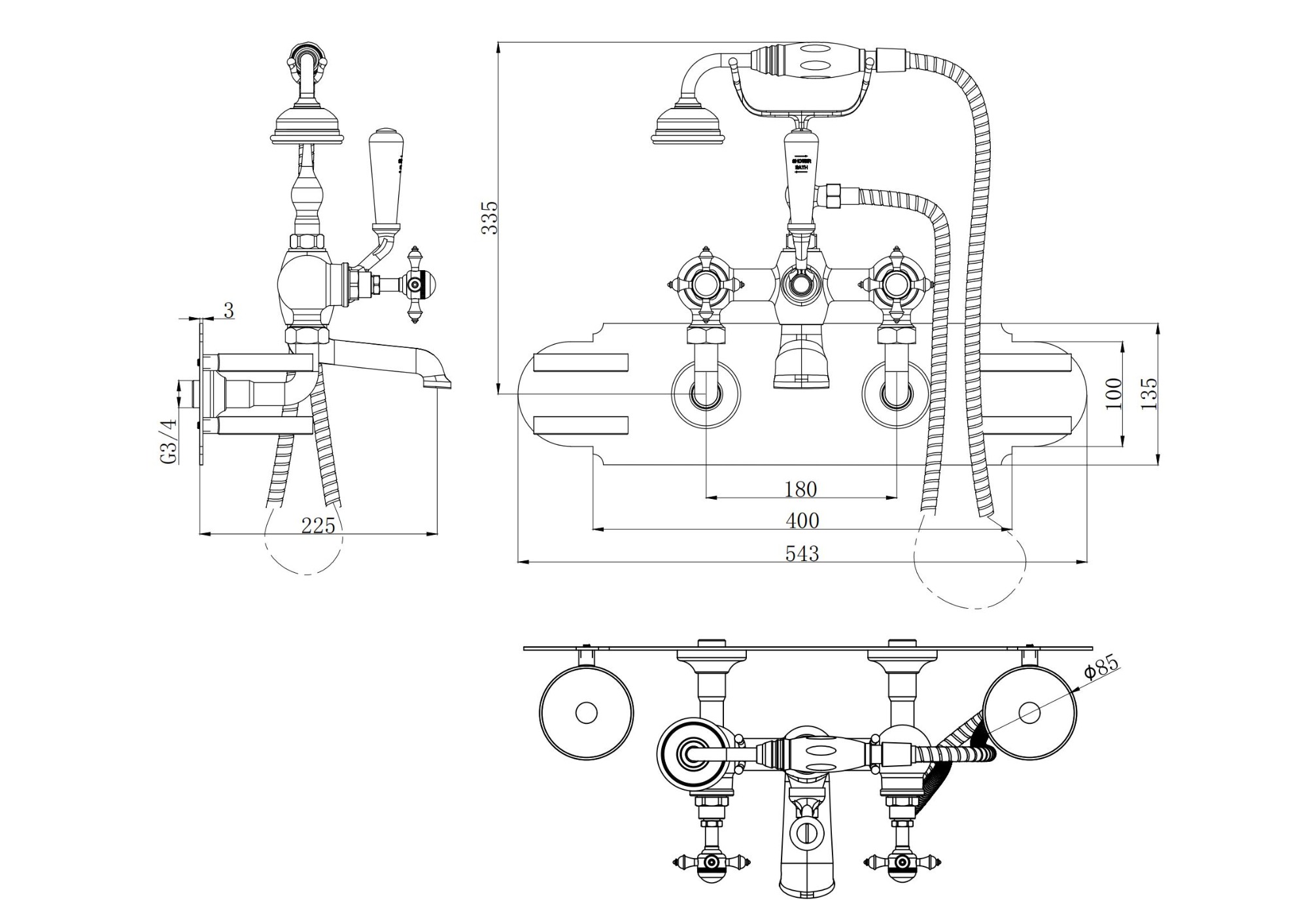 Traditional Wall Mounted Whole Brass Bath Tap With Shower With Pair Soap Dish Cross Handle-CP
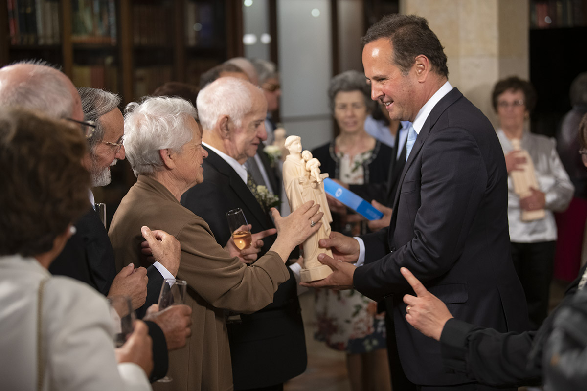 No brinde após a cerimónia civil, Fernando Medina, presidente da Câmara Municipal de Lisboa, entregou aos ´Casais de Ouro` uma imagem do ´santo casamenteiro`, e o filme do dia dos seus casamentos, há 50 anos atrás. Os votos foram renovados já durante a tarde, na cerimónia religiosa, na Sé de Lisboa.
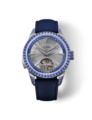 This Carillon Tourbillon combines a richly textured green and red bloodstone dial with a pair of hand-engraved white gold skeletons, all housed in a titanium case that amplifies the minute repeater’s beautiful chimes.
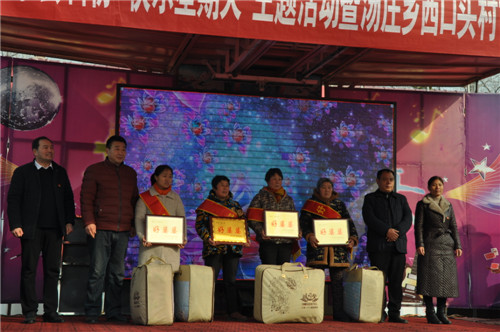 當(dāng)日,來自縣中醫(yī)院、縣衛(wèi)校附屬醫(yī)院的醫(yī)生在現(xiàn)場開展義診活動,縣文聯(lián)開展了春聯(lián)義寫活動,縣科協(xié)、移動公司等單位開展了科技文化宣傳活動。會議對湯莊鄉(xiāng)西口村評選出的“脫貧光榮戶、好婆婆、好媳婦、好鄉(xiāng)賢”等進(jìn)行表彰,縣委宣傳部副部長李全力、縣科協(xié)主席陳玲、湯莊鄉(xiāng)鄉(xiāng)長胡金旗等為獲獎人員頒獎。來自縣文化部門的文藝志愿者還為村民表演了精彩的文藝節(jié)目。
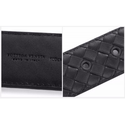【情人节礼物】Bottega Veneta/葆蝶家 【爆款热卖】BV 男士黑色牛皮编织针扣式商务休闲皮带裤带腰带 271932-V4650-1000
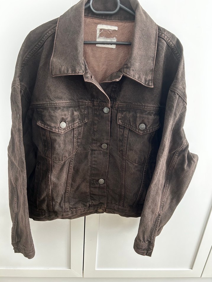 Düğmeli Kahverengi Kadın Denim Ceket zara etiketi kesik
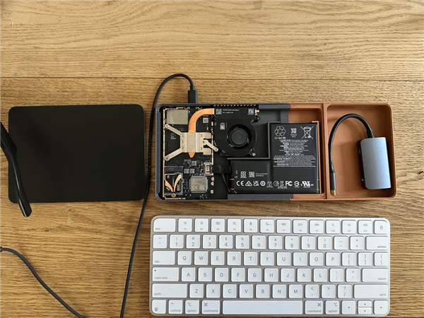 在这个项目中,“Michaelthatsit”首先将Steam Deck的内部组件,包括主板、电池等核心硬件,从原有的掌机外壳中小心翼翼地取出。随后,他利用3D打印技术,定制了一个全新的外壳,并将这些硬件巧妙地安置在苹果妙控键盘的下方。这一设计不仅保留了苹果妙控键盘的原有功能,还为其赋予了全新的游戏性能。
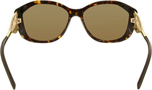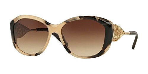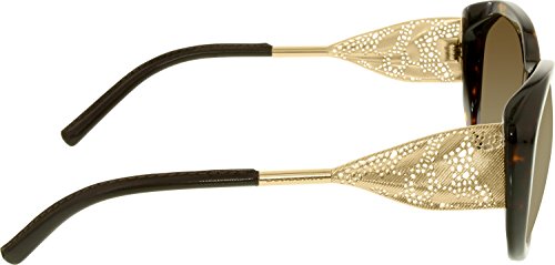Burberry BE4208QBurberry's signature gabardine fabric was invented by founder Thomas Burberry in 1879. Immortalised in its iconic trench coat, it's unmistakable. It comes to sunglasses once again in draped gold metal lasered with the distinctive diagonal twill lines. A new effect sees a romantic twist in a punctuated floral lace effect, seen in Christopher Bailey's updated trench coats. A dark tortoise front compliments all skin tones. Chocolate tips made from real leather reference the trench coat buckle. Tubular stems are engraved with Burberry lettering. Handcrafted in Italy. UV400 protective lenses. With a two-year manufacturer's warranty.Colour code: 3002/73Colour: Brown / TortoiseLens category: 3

---

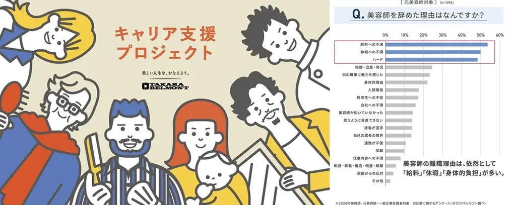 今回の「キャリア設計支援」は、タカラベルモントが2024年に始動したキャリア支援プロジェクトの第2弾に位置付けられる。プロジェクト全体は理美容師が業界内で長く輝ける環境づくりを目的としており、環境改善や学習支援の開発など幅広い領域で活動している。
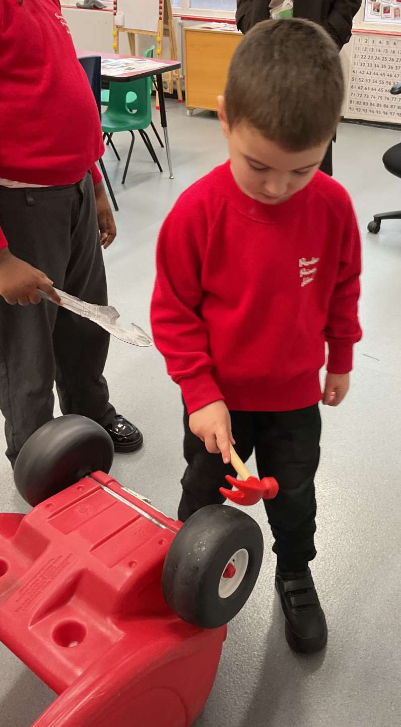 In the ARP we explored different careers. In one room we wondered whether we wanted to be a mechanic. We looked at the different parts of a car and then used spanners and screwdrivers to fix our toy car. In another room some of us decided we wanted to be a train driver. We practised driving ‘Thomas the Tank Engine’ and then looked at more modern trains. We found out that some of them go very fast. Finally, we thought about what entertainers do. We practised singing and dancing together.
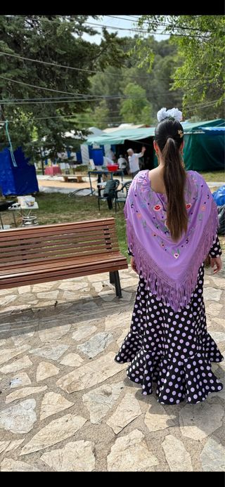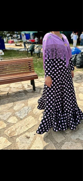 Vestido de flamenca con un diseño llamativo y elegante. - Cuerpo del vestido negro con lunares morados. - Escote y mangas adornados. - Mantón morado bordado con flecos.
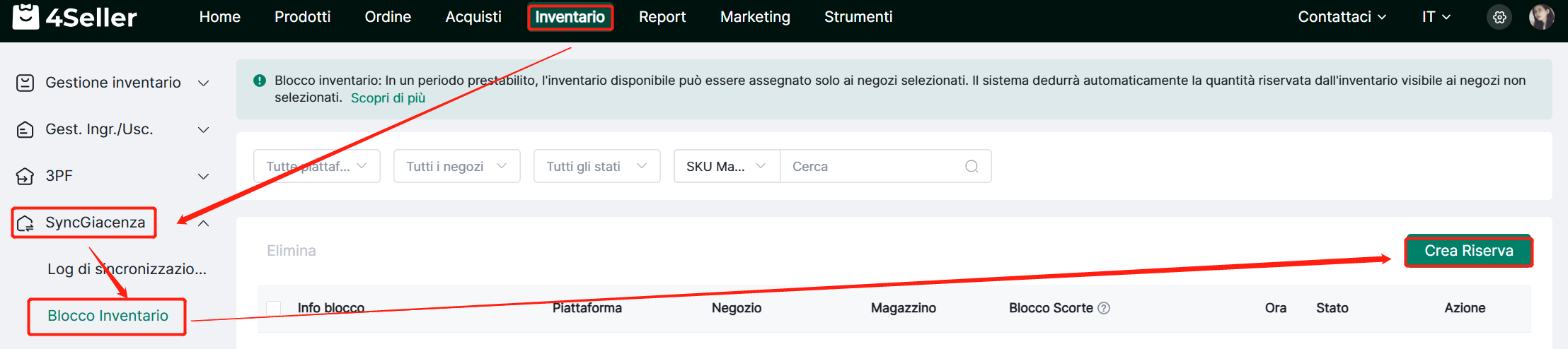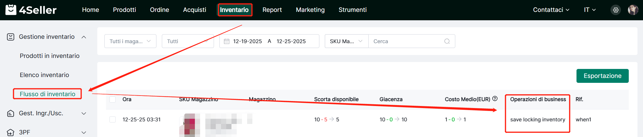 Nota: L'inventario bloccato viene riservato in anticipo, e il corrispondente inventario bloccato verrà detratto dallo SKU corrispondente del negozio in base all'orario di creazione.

» Exercise prompt: Would you output only the span of the records above that opens with the line containing "Traditional Wall Mounted" and closes with the line containing "No brinde após", ends included and pictures dropped?

» Answer for the task:
 Traditional Wall Mounted Whole Brass Bath Tap With Shower With Pair Soap Dish Cross Handle-CP
 No brinde após a cerimónia civil, Fernando Medina, presidente da Câmara Municipal de Lisboa, entregou aos ´Casais de Ouro` uma imagem do ´santo casamenteiro`, e o filme do dia dos seus casamentos, há 50 anos atrás. Os votos foram renovados já durante a tarde, na cerimónia religiosa, na Sé de Lisboa.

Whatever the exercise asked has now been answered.